PROBLEM STATEMENT: Without copying any picture, transcribe exactly the lines of the data below from the one containing "トマトの汁がジュワーとでてく" through the one containing "A damaged wooden".

GIVEN DATA:
/---

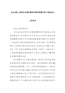 在全县深入贯彻作风建设精神专题党课暨年轻干部座谈会上的讲话同志们,青年朋友们:今天,我们在这里召开专题党课暨年轻干部座谈会,主要目的就是深入学习贯彻习近平总书记关于年轻干部队伍建设的重要论述和关于作风建设的重要指示精神,与大家进行一次坦诚深入的交流,既是集体谈心谈话,也是一次专题党课。刚才,几位年轻干部代表结合自身工作实际,谈了感悟、聊了成长、说了打算,讲得都很好,有思考、有锐气、有担当,听了之后我深受鼓舞,也深感欣慰,从大家身上,我看到了XX县事业发展的希望和未来。青年是整个社会力量中最积极、最有生气的力量,国家的希望在青年,民族的未来在青年。我们党的事业,我们XX县的发展,同样需要一代又一代有志青年接续奋斗。当前,我们正处在打好打赢全面振兴新突破三年行动决胜之年决胜之战的关键时期,全县上...
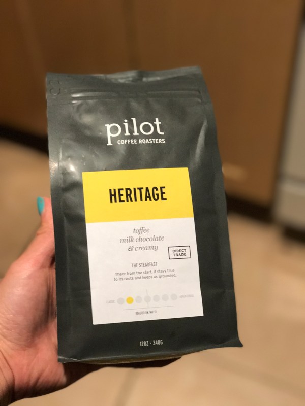 In Toronto, I’m blessed with a lot of local indie coffee shops that sell local brews. I picked up this Heritage blend by Pilot Coffee Roasters.
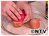 トマトの汁がジュワーとでてくる位パンにこすりつけます。このトーストに生ハムをのせると、スペイン風に。
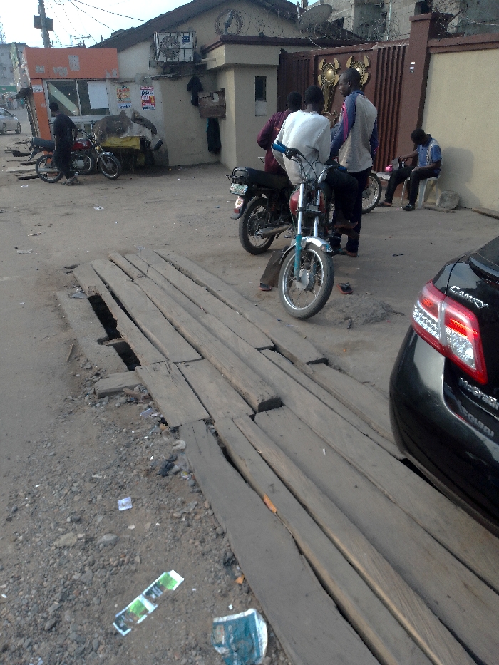 A damaged wooden bridge spans a ditch on a dirt road. Motorbikes, parked nearby, are occupied by several men. A black car is visible to the right. In the background, there is a commercial building with various posters and a residential building with an ornate metal gate. Litter and debris are scattered along the roadside, adding to the scene's disheveled appearance.
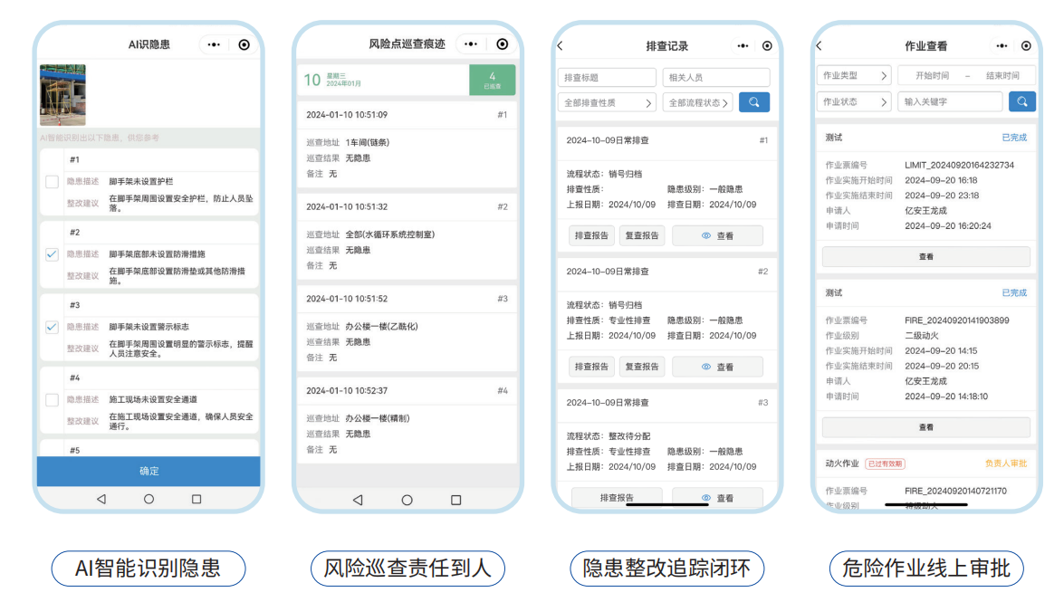 通過信息化流程運轉,借力班前會管理、風險巡查、隱患排查、工作待辦事項提醒等,有序規(guī)范日常工作執(zhí)行流程,實現(xiàn)安全管理合法合規(guī),降低企業(yè)安全管理經(jīng)營風險。
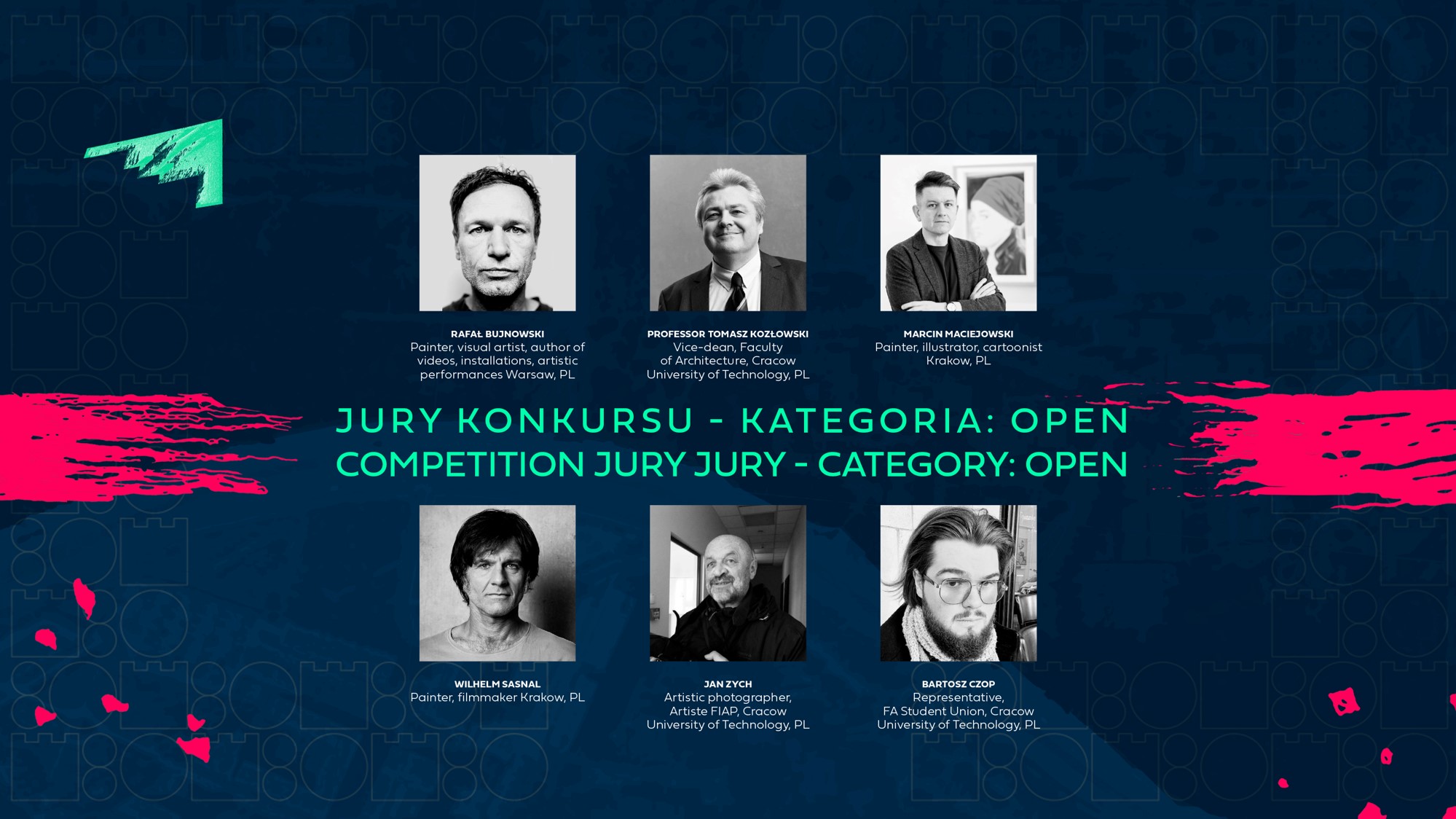 Jurorami kategorii “Open” byli: Rafał Bujnowski, malarz, artysta wizualny, autor filmów, instalacji i występów artystycznych w Warszawie; prof. dr hab. inż. arch. Tomasz Kozłowski, prodziekan Wydziału Architektury PK; Marcin Maciejowski, malarz, ilustrator i rysownik z Krakowa; Wilhelm Sasnal, malarz i filmowiec; Jan Zych, fotograf artystyczny, członek Międzynarodowej Federacji Sztuki Fotograficznej, fotograf Politechniki Krakowskiej i Bartosz Czop, reprezentant Samorządu Studentów Wydziału Architektury PK.
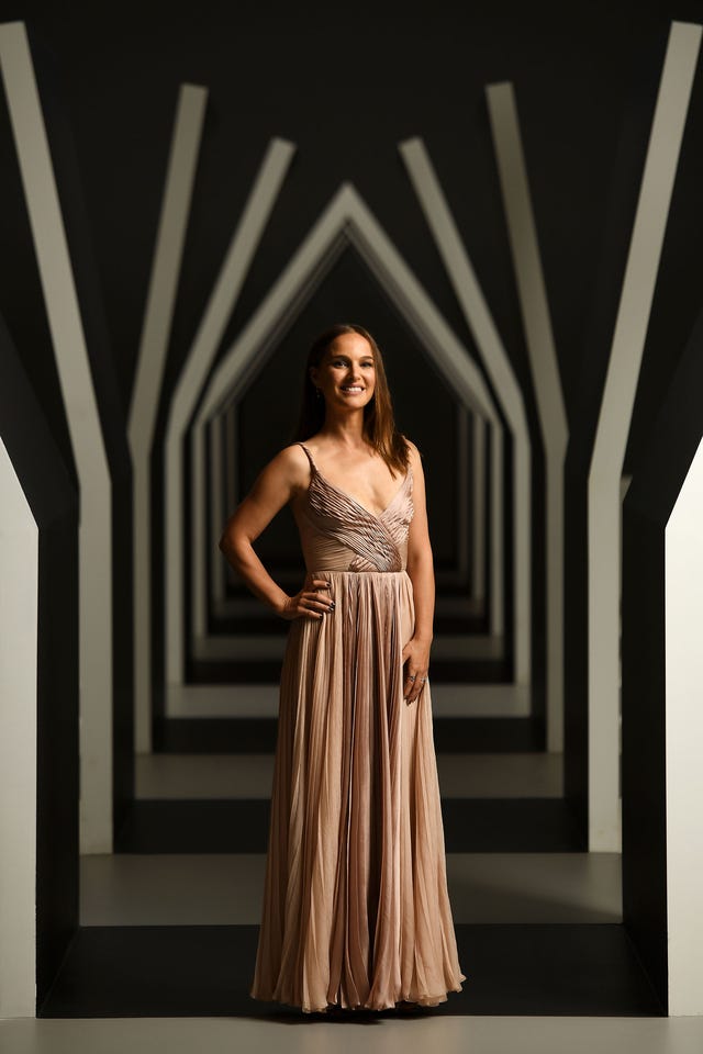 The Vox Lux star looked ethereal in a blush-hued gown as she posed for an otherwise moody portrait inside the Escher x Nendo/Between Two Worlds Exhibition ahead of the NGV Gala 2018 at the National Gallery of Victoria in Melbourne, Australia, on Dec. 1.
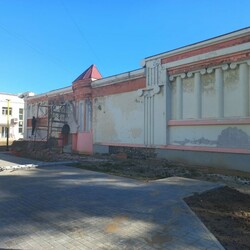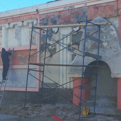Рабочие реставрируют стену, около которой расположен сквер. Что на ней будет изображено, пока непонятно.
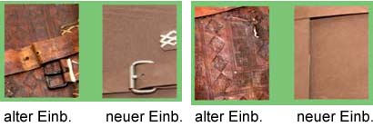 Es ist jedenfalls höchst problematisch, wenn mit der Patina des alten Ledereinbandes durch Ersatz mit einem unvollkommenen Imitat zugleich die historische Aura des Buchbandes vollkommen zerstört wird. Weniger wäre für die Neueinbindung mehr gewesen; wenn es schon nicht mehr der originale Einband ist, hätte er hinter dem gedruckten eingebundenen Inhalt ganz zurücktreten müssen. Im Zweifelsfall hätte der alte Einband, museal aufbereitet, als eigenständiger Gegenstand zusammen mit dem alten Schriftstück aufbewahrt und auch ausgestellt werden können. Gegen eine Kopie des Textes, eingebunden in eine - auch unvollkommene - Nachahmung des alten Einbandes wäre nichts einzuwenden.
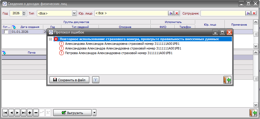 Теперь при выгрузке сведений о доходах физических лиц, если в пачке присутствуют работники с одинаковым страховым номером, программа выведет уведомление ошибки.

\---

TASK OUTPUT:
 トマトの汁がジュワーとでてくる位パンにこすりつけます。このトーストに生ハムをのせると、スペイン風に。
 A damaged wooden bridge spans a ditch on a dirt road. Motorbikes, parked nearby, are occupied by several men. A black car is visible to the right. In the background, there is a commercial building with various posters and a residential building with an ornate metal gate. Litter and debris are scattered along the roadside, adding to the scene's disheveled appearance.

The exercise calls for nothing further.